I can see nothing is moving,so I conclude
4g+6g=T1+T
where g is acceleration due to gravity

I don't see anyway to go further.
 

topsquark

Well-known member
MHB Math Helper
Aug 30, 2012
1,123
Modified it.

My work?
I can see nothing is moving,so I conclude
4g+6g=T1+T
where g is acceleration due to gravity

I don't see anyway to go further.
On the sketch I'm going to call m1 = 4 kg and m2 = 6 kg. I'm also going to deal with the two masses as separate systems. I am defining upward as +y in both diagrams.

For m1:
Using Newton's 2nd I get T1 - T - m1*g = 0, so we get an equation for T1 in terms of T.

For m2:
Using Newton's 2nd I get -m2*g + T = 0.

Solve the m2 equation for T and plug it into the m1 equation.

-Dan
 

mathmaniac

Active member
Mar 4, 2013
188
T=6g and T1=6g+4g=10g
But this is not the answer I had been taught,it is 2g.

For m1:
Using Newton's 2nd I get T1 - T - m1*g = 0, so we get an equation for T1 in terms of T.
For m2:
Using Newton's 2nd I get -m2*g + T = 0
how can it be when some other forces like 4g and T1 are pulling T?
Same question for m1.

I'm also going to deal with the two masses as separate systems.
Things on the one side of the pulley have no effects on the other?
 

topsquark

Well-known member
MHB Math Helper
Aug 30, 2012
1,123
For m1:
Using Newton's 2nd I get T1 - T - m1*g = 0, so we get an equation for T1 in terms of T.
I got my T1's and T's reversed. This should read T - T1 - m1*g = 0

Sorry about that.

T=6g and T1=6g+4g=10g
But this is not the answer I had been taught,it is 2g.
Yes, that's the correct answer.

Things on the one side of the pulley have no effects on the other?
They do correlate...through the tension T.

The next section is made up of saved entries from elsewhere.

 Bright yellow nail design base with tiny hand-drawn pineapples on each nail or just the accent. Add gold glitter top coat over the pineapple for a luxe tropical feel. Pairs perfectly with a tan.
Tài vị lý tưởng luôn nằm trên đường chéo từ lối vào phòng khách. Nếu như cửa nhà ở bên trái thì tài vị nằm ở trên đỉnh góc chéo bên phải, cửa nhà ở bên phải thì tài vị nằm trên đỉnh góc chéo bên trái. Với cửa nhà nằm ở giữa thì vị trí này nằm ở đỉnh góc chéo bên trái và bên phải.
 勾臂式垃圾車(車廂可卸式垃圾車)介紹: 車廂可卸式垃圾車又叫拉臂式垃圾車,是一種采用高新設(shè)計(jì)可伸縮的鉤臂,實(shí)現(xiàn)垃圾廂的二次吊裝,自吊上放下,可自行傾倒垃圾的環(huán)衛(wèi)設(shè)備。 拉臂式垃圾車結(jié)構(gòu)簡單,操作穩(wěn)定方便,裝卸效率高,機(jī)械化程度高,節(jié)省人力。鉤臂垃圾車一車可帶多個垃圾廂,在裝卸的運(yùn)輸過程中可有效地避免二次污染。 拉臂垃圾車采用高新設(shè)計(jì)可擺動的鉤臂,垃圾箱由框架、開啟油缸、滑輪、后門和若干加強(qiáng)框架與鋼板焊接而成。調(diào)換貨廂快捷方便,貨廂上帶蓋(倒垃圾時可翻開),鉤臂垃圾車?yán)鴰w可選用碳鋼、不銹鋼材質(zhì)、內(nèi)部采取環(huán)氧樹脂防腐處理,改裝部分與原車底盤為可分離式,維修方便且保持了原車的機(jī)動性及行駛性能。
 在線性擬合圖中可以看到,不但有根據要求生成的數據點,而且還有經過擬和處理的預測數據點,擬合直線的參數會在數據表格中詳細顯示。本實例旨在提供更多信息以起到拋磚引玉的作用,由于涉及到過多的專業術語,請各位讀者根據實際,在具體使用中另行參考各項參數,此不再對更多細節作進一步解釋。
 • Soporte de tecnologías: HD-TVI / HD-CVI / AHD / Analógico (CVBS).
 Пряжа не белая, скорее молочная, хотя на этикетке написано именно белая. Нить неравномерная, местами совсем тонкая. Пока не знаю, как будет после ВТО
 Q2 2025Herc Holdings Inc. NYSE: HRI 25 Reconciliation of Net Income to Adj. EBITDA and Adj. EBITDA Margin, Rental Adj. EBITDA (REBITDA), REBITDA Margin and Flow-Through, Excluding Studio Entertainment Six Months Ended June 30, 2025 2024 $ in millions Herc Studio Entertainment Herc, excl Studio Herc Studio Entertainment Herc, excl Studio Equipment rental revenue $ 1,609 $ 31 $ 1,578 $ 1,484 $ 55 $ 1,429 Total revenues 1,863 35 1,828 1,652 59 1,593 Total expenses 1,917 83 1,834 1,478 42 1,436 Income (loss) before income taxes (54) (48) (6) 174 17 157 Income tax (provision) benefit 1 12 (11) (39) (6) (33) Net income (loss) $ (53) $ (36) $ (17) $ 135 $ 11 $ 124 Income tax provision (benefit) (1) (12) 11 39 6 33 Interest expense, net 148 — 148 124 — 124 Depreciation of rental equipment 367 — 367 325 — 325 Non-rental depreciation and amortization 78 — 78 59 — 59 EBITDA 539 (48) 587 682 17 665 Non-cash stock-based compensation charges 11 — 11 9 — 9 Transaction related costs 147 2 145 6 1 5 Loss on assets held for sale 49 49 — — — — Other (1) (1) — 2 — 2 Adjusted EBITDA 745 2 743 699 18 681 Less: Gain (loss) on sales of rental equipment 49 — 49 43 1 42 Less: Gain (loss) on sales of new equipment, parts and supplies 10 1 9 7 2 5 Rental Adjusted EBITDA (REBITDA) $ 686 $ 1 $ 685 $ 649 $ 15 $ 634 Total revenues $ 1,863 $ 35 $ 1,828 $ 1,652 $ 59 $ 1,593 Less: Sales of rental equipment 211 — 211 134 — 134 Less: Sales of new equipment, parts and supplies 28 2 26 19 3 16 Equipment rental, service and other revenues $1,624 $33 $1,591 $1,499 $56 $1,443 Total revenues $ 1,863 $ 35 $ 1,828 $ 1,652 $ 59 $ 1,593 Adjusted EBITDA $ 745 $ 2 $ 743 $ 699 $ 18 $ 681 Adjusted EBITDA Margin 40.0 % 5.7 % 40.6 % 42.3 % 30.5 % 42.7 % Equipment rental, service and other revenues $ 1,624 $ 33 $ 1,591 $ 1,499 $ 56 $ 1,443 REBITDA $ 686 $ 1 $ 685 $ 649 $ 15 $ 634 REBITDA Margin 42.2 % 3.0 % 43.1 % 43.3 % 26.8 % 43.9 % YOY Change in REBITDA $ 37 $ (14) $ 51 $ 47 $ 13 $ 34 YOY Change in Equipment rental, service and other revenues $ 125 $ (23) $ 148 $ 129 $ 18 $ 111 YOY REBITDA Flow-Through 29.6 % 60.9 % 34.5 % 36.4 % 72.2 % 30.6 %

If you wish to consider the system as one unit, go ahead (though you won't get an equation for T this way.) The trick is that the pulley "unbends" the problem into a straight line. +y upward on one side of the pulley implies +y being downward on the other. It can certainly be done, but requires a bit more work is all. Oooh! I almost forgot to say...any solution here requires that there is a tension T pulling upward on m1 and the same value for the tension is pulling upward on m2. If you aren't using ideal strings this goes out the window. When in doubt, assume an ideal string.

-Dan
 

mathmaniac

Active member
Mar 4, 2013
188
Please demonstrate how it would be like when the string is laid out in a straight line.
Thanks
Regards
 

topsquark

Well-known member
MHB Math Helper
Aug 30, 2012
1,123
Please demonstrate how it would be like when the string is laid out in a straight line.
Thanks
Regards
"Ideal" pulleys do nothing more than change the direction of the tension. You can straighten them out but note when you do that the weight of the mass on the left is to the left, and the weight of the mass on the right is to the right. It is for this reason I prefer not to teach my classes about it...the concepts can get a bit confusing when all the forces get laid down into one line.

Using your problem as an example, let's define +y to the right. Then we have that T1 is a force acting to the left (so we would say it's in the negative direction), there is a weight acting in the negative direction, there is a tension acting in the positive direction, etc. It's certainly not an impossible calculation to do, but labeling and finding out what forces act in what direction is a bit too complicated for my taste.

-Dan